Consider the first two questions, keeping these two things in mind: How does this relate to glass manufacturing? And the answers will be fluid because, as mentioned earlier, technology will develop, the business environment will change and politics will alter.
A battery-driven car needs electrical power to charge, while a hydrogen car obviously needs hydrogen. The electrical power can come from renewable energy sources, fossil fuel firing and nuclear power. Both renewables and nuclear power are almost carbon-free. And currently, nuclear power is considered to be a sustainable energy source that could, through commercially viable changes in its production, become a renewable in future. Once the electrical power is generated, there are some losses due to the grid, voltage conversion and mechanics but overall the battery-driven car is very energy efficient.
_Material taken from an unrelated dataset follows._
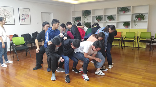 在齿轮转游戏中,刚开始同学们由于羞涩而有些拘谨,但在玩了一会儿后,大家便因为团队合作中活泼起来,辅导室内充满了同学们的欢笑声。在“妙手千千结”环节中,同学们互相发言提议更好的途径,最后通过协作从而取得成功。大家纷纷为自己与同学鼓掌。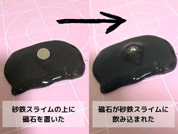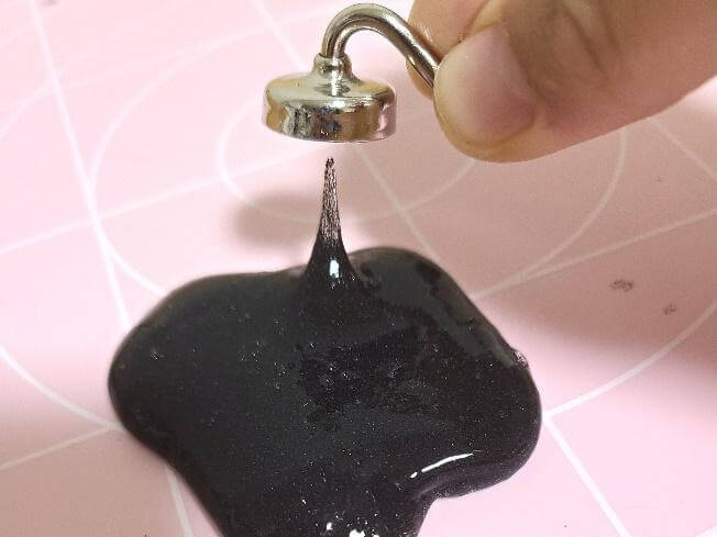 ですから、その砂鉄が混ざったスライムに磁石を近づけると引き寄せられて動くのです。

To produce hydrogen, either natural gas or electrical power from renewables, fossil fuel or nuclear power are needed. Unfortunately, the extra step of converting the natural gas/electricity to hydrogen reduces the energy efficiency. This is due to the hydrogen needing to be either compressed or cooled to achieve an acceptable volume size for storage. Once the highly pressurised hydrogen is available, the energy needs to be converted to power the vehicle on the road and for that, there are two options: Burn it in a combustion engine, or feed it into a fuel cell to convert it to electrical power, then into a power inverter, and finally into an electromotor connected via some gears onto the road.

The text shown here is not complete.